Quote from: flyfisherman;213470Again ... no doubt a more efficient burner/orifice/jet assembly on a stove receiving "X" amount of fuel will out perform an inferior design receiving the same amount of fuel.

This is totally and utterly irrelvant to the point.  At 11" water column, you can deliver 50,000 BTUs.  It's not about efficiency.

QuoteHowever, a pound or a gallon of propane only contains so much energy (BTU's if you will) and if you deliver say one quarter of that amount in one hour vs half

And this has to do with PSI how?

QuoteAs for your single burner stove, it's regulator was located right where you screwed in the disposable tank and only allowed so much fuel to come out of the tank and be consumed.  In other words, it restricted the psi just as a propane regulator does on the camper.

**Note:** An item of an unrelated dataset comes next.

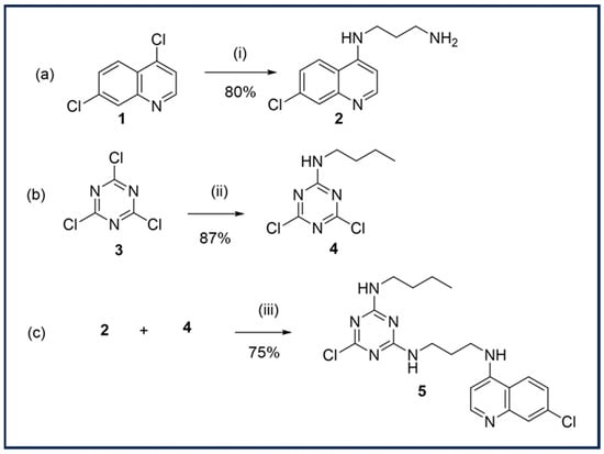(a) Synthesis of N1-(7-chloroquinolin-4-yl)propane-1,3-diamine. (i) 1,3-propanediamine, EtOH, reflux 3 h; (b) synthesis of N-butyl-4,6-dichloro-1,3,5-triazin-2-amine. (ii) Butylamine, acetone, DIPEA, 0 °C; (c) synthesis of 2-(Butylamino)-6-chloro-4-[3-(7-chloro-4-quinolylamino)propylamino]-1,3,5-triazine; (iii) CHCl3, DIPEA and RT to reflux.
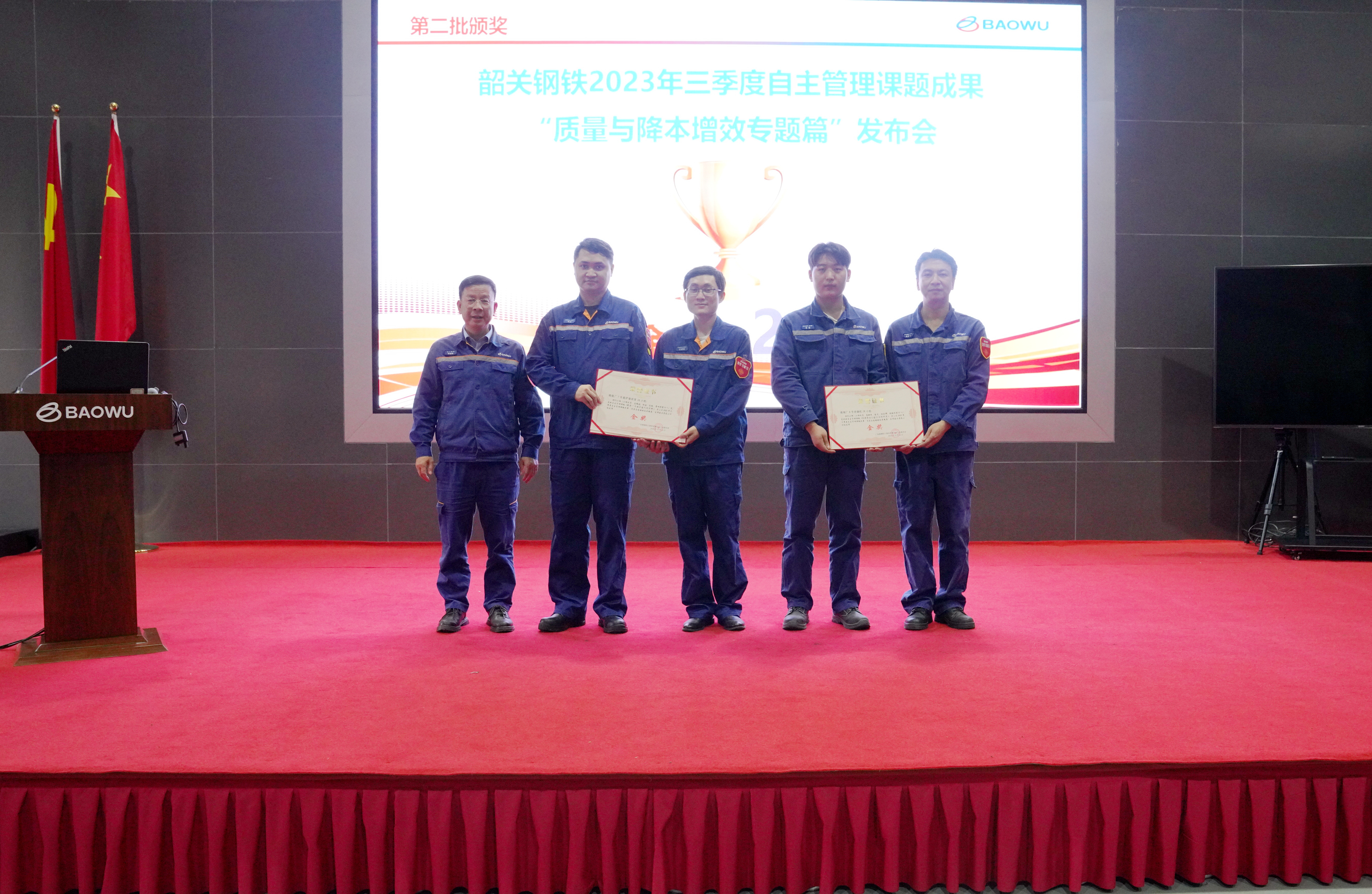 《降低棒一2線噸材廢鋼回收量》《降低7號(hào)TRT軸承運(yùn)行振動(dòng)值》《一種汽車傳動(dòng)軸用38B3正火軋制技術(shù)研發(fā)》《降低CDQ化水超濾裝置進(jìn)水濁度》《降低CDQ化水超濾裝置進(jìn)水濁度》《一種35kV及以下電纜耐壓智能絕緣護(hù)套的研制》等5項(xiàng)優(yōu)秀課題榮獲銀獎(jiǎng)。賴曉敏、曠高峰為獲獎(jiǎng)團(tuán)隊(duì)頒獎(jiǎng)。

Misuse of the term "regulator."  W/R/T propane, a regulator sets the pressure, not the rate of flow.  This stove did not regulate pressure, only the size of the opening through which propane could flow.

QuoteLike the water hose with 45 psi, barely crack the valve and only so much water comes out...

OK so far...

Quote...at a lower pressure.

Analogy FAIL.  You are comparing a valve to a regulator.  Different animals entirely.

1) The hose will build to 45 PSI if the nozzle is all the way off, no matter how little the valve is turned on.  The propane line will not exceed 11" WC, even with everything off.

2) The hose will drop to near zero pressure when the nozzle is turned all the way on.  The propane line will remain at 11" WC unless there is a catastrophic failure (i.e. major leak).

3) If the hose has a "Y" in it with two devices connected, turning one of the devices on and off will affect the amount of water going to the other device, because the pressure will fall when the device is on, and rise when it is off.  This does not happen with a propane regulator.  The regulator will allow more gas to flow when there is more demand in order to maintain the 11" W.C.

A valve (faucet) linits flow rate.  A regulator (below a certain flow rate) does not.  You will hit the tanks OPD leak limit before hitting that limit with an 11" W.C. regulator.  You would hit the very same limit if the regulator were for 10 or 15 PSI (220 or 330" W.C.).

QuoteOpen the valve fully and it comes out gang busters. In other words, it delivers more water. Yes, we can stick an adjustable nozzle on the end of the hose and do all kinds of things with it, but we need pressure to deliver optimum supply.

And indoors, 11" WC is optimum pressure.